Several of the patients enrolled in Pereira Romano and colleagues’ study were ventilated with pressure support, and all patients were given medications during the study protocol to ensure passive mechanical ventilation and facilitate accurate DP measurements. This rigorous type of study protocol is essential for proof of concept, but daily administration of neuromuscular blockade or deep sedation with the purpose of titrating mechanical ventilation may have unfavorable consequences (15, 16). Continuous neuromuscular blockade in the treatment of patients with ARDS does not provide a mortality benefit and may have associated harms (17). The small size of the study population and the enrollment of patients with largely mild-to-moderate ARDS also raise concerns about the physiologic tolerance of such a strategy in patients with severe ARDS.

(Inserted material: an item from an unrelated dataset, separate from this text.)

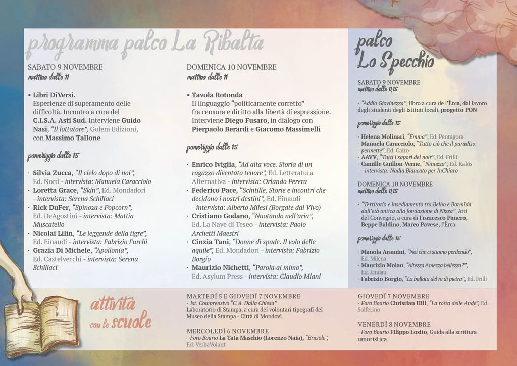Nella settimana precedente il festival al Foro Boario attività con le scuole con gli scrittori La Tata Maschio (Lorenzo Naia), Christian Hill, Filippo Losito e laboratorio di Stampa a cura dei volontari tipografi del Museo della Stampa — Città di Mondovì.
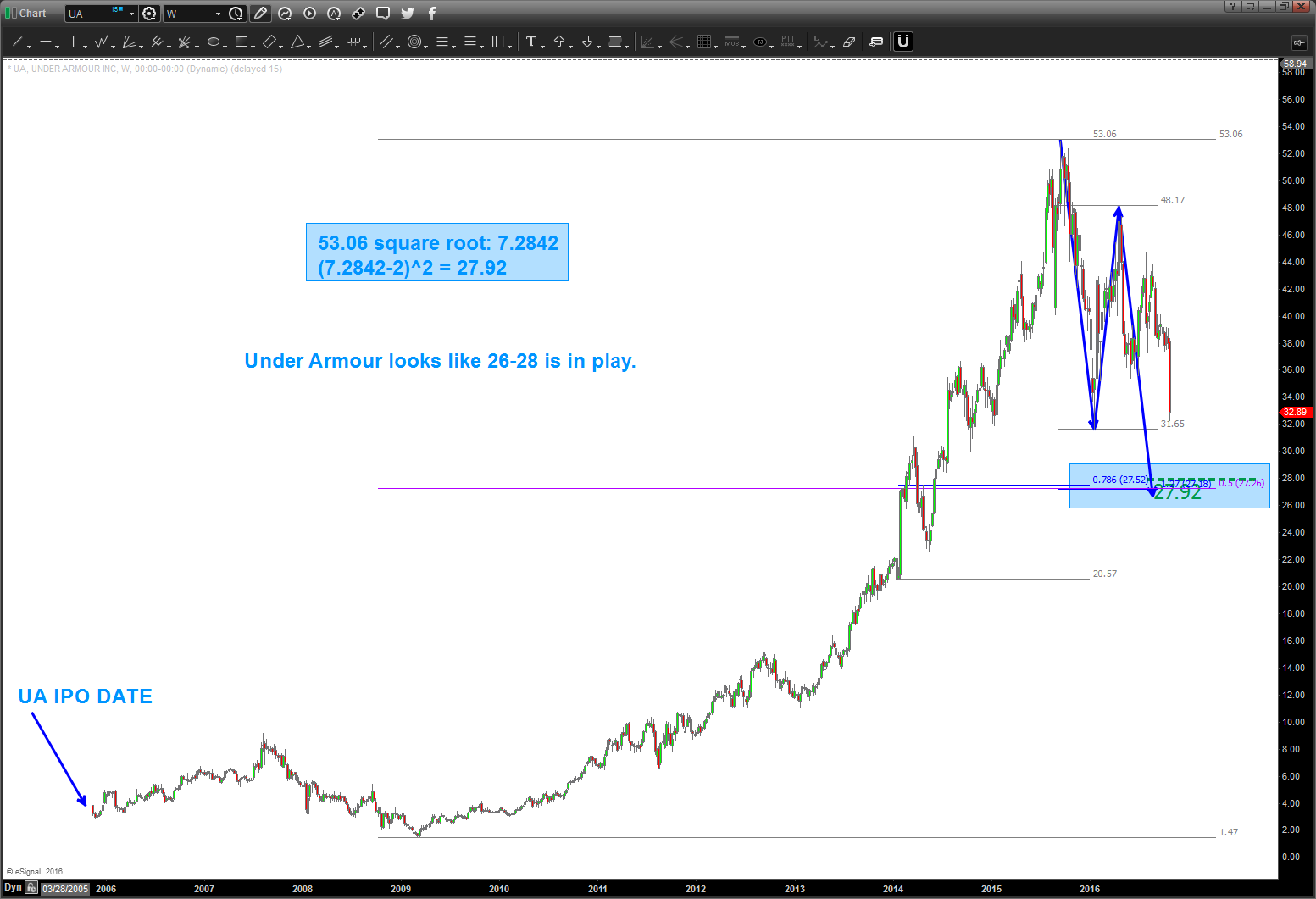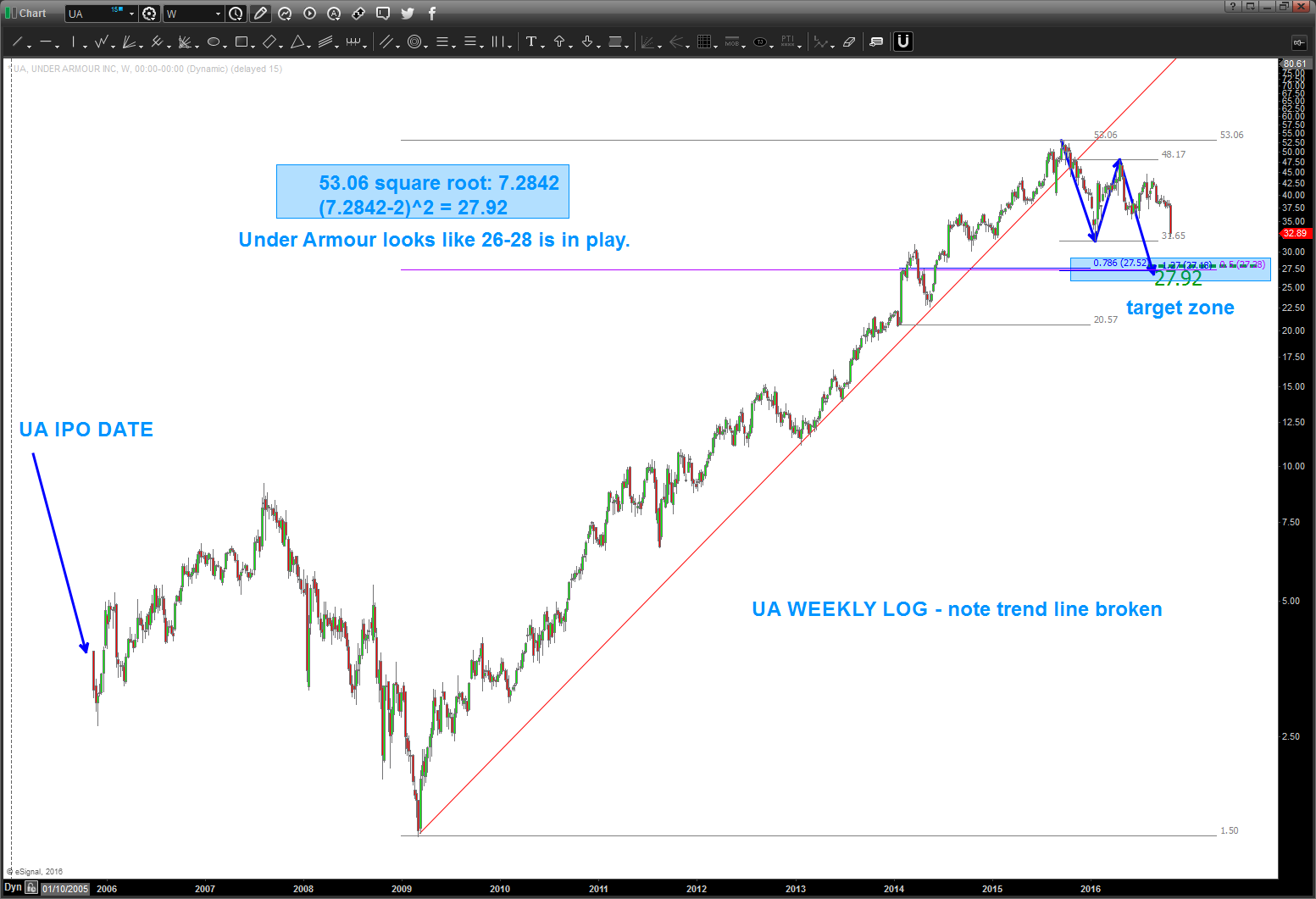 10/25/2016 – I was asked to take a look at Under Armour back in June. I saw this pattern – again – had ZERO idea if it would get down there. As a pattern recognition dude, that’s the pattern .. .as of today, appears it’s going to make that level. Some thoughts …

Although Pereira Romano and colleagues should be commended for their efforts in demonstrating that a DP ventilator strategy is feasible for the management of mild-to-moderate ARDS, replication of their results in patients with severe ARDS and a clear study protocol that addresses the above issues seem to be the next steps in designing a prospective study to test a mortality benefit. Several unanswered questions remain about the practicality and clinical implications of a DP-targeted ventilator strategy. The authors’ results provide important insights into the design of future clinical trials and suggest the importance of detailed protocols with a clear direction in managing cointerventions such as sedation and neuromuscular blockade. The authors used daily DP measurements to set Vt; however, a strategy that merely reduces Vt to target ≤4 cc/kg of predicted ideal body weight and maximizes PEEP might be more practical. Amid the paucity of clear evidence in support of the routine clinical use of DP, it would seem that Pereira Romano and colleagues have provided a foundation for further investigations into alternative ventilator strategies to determine whether a very low Vt is superior to standard LTVV in the treatment of moderate-to-severe ARDS.